For me though, I was not coping well. I was in a strange place with strange people. I felt like I couldn't help. Everyone was in work mode and anytime I went near them I worried I was just in the way. I also had a deep mistrust of Coulson because Tony had let it slip that he'd once had a thing with Nat and Clint and it had only ended when he faked his own death. Everyone else seemed to forgive him for it, but my mind kept swinging back to how awful I felt right now that we had no idea where Wanda, Bucky, and Clint were, or even if they were alive, and how much it would hurt if they faked their death. I assumed there must be some reason that everyone else was okay forgiving him for it. When I looked at him I just saw a liar who thought it was okay to shatter the hearts of the people who loved him because of some 'prime directive'.

So I avoided him.

I avoided most of them if I'm being honest. I withdrew to places in the building that were empty. If someone came into them, unless they were specifically looking for me, I just moved elsewhere.

I hurt.
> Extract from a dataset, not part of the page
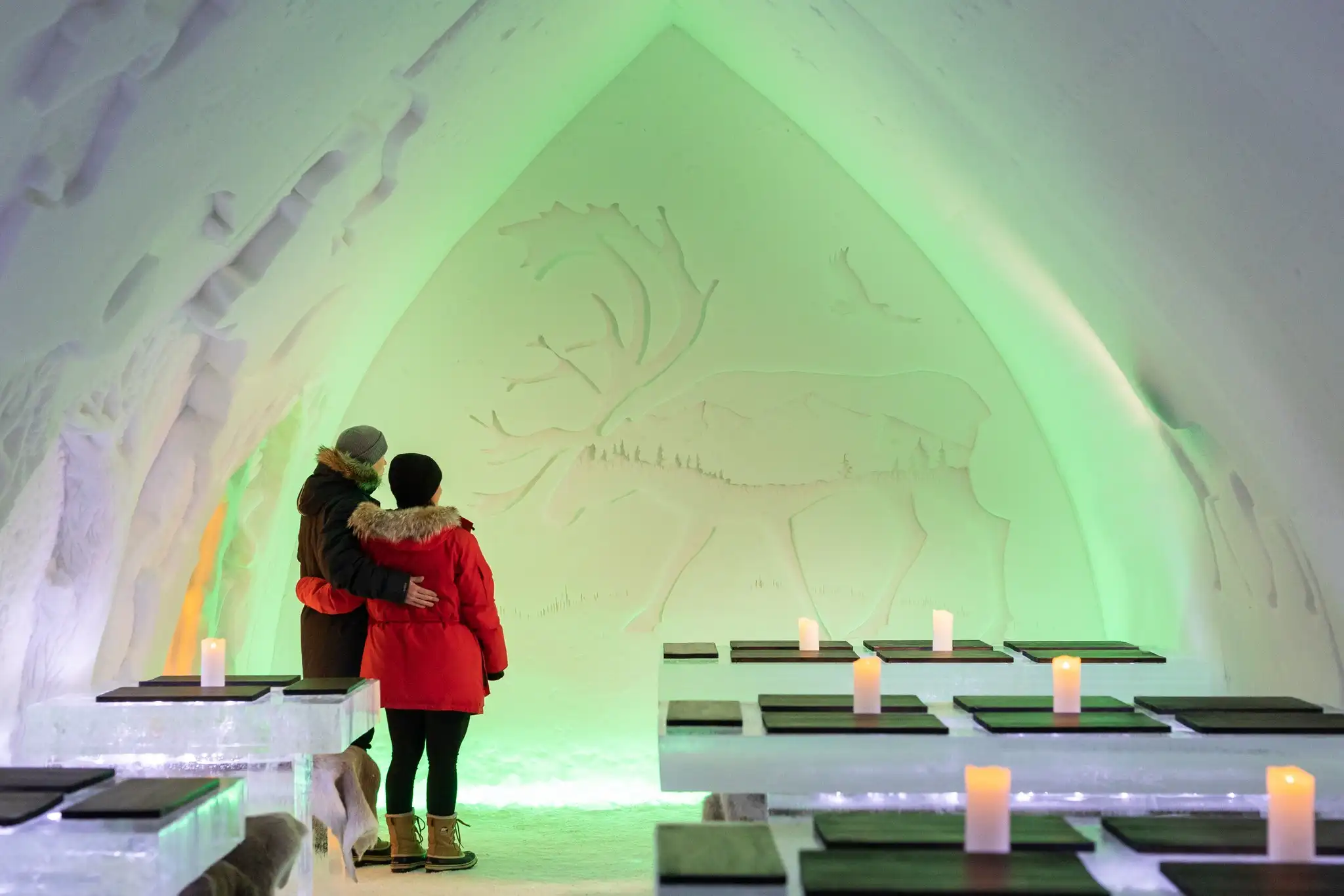 Upon arrival explore the enchanting rooms, detailed ice sculptures, and chapel — all built from scratch each winter by local and international artists. Learn about the building process, the history, and the magic behind this temporary wonder.

I kept thinking that all the words that had helped me in therapy had been a huge lie to further this plan to take down the Avengers. I couldn't see why exactly that would be, but she wasn't a therapist. She'd never wanted to help me. So maybe this whole thing was wrong. All the things I had struggled with and only now started coming to terms with reared up again. Building on my fear and isolation. I stopped eating. I barely slept. I just existed in a perpetual state of stress that was eating me alive.

It wasn't until about four days into it when Sam came and found me that I started turning around.

"Here you are." He said opening the door to the small office I'd hidden myself away in. "Why are you sitting in dark?"

I shrugged. "Just keeping out of the way."

He came over to me and crouched on the floor in front of the chair I was sitting on. "When was the last time you slept?"

I shook my head. "Don't know. It's not ... I can't..."

He wrapped his arms around me and pulled me tight against him. I rested my head on his shoulder and just listened to the slow rhythmic beat of his heart. "Oh, princess. I'm so sorry. We've all been so caught up we forgot you had no experience with this kind of thing."

"Not your fault," I said quietly. "I just want them back."

"I know. We all do." He pressed his lips to the crown of my head. "We're going to get them."

"I want to help, but what can I do? I just thought it best if I stayed out of the way. I was gonna cook. But I don't know this place." I babbled.

"It's okay. We shouldn't have had our heads so far up our asses." He said. "Look, Bruce just sent me down to find you. He wanted you to come look at something for him. But you need sleep. Go have some. Take Steve he hasn't slept since he got here either. He might if he thought it would help you sleep too."

I nodded my head and went looking for Steve. I found him in an operations room with Natasha, Coulson, and May. He looked exhausted. His normal straight posture gone, as he sagged on his feet. Dark circles under his eyes, and three days of facial hair grown in.